Yarmouth Captain Advised Capt. Smith to Retire

Capt. Aaron F. Churchill a Warm Friend

(Savannah, Ga., News, April 21, 1912)

Capt. A. F. Churchill, of Savannah, was a warm friend of Capt. E. J. Smith of the Titanic, and had crossed the ocean with him on every ship he commanded except the Titanic. He warned him on the last trip that bad luck would overtake him and advised him to retire before it came.

Capt. Churchill says Capt. Smith told him he wad not going to retire until he had commanded the Titanic, but that after he had run that ship several months he would retire. Capt. Churchill thus relates his conversation with Capt. Smith in which the captain of the Olympic was urged to get out of the business and retire to the enjoyment of home life with "flying colours."

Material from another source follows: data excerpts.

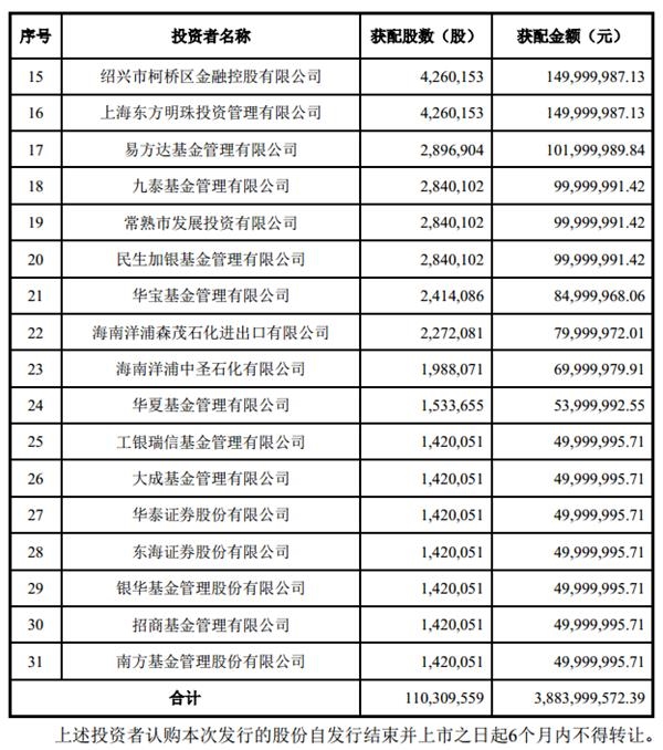 基金公司里面,华安基金、华商基金、易方达基金、华夏基金、工银瑞信基金、大成基金、南方基金等几家,获配较多的是华安基金获配426.02万股,获配金额1.50亿元;易方达基金获配289.69万股,获配金额为1.02亿元。
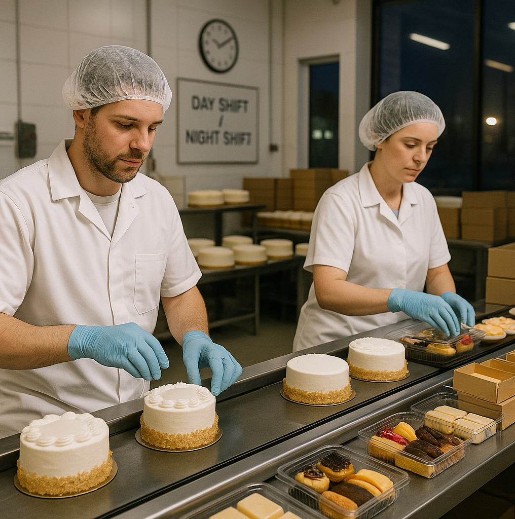 На производство и упакрвку тортов и пирожных приглашаем сотрудников до 55 лет.
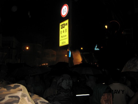 ▲ 대치 중인 경찰. 새벽 2시 30분 경 경찰은 시민들을 향해 최루액을 섞은 물대포로 강제 해산을 시도했다. ⓒ 안세희
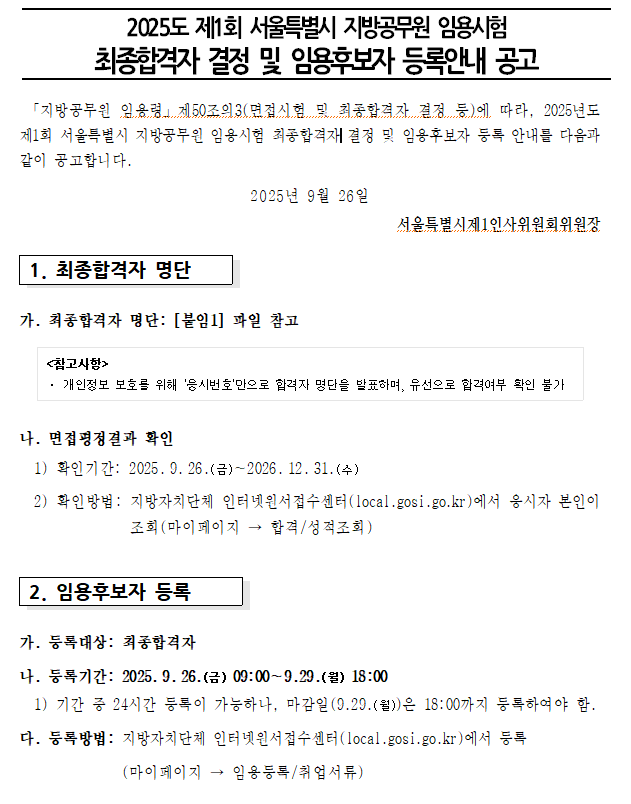2025년 서울시 지방공무원 공개채용 최종 합격자 발표가 공고되었습니다.

"I came out with him last summer on the maiden voyage of the Olympic, and we breakfasted together every morning, before many of the passengers were up. "One morning at breakfast I said: Capt. Smith, you are master of the largest steamship in the world; you have never had an accident in your thirty years of service in passenger steamships; you are over age, they are only keeping you on account of your ability as a shipmaster and never having had an accident; but you are only kept on suffrage, and are liable to be told to resign at any time, on account of your age. You are at the top of your profession. There will soon be another steamer afloat larger than the Olympic. Why not resign with "flying colors," and live at home with your wife and family the balance of your life? You haven't so many more years to sit around."

He said: 'Churchill, I am going to run the Olympic until the Titanic comes out. I will run her a few months and retire.'


"Smith, don't do it," I said; "retire now, because sooner or later bad luck overtakes most people, and especially in your profession. Don't make the 'last voyage', like a great many other captains do, and are never heard from. If they had retired the voyage before they would have been home, instead of never being heard from."

"He replied: 'Churchill, I would like to take your advise, but I am well and strong and have a great deal of ambition to command the two largest steamers in the world before I retire.'

"I said: 'Smith, don't you do it. Go home and stay there.' But I could not persuade him to take my advice.

"There never was a nobler or braver man who walked a ship's deck than Capt. Smith, and I know whereof I speak."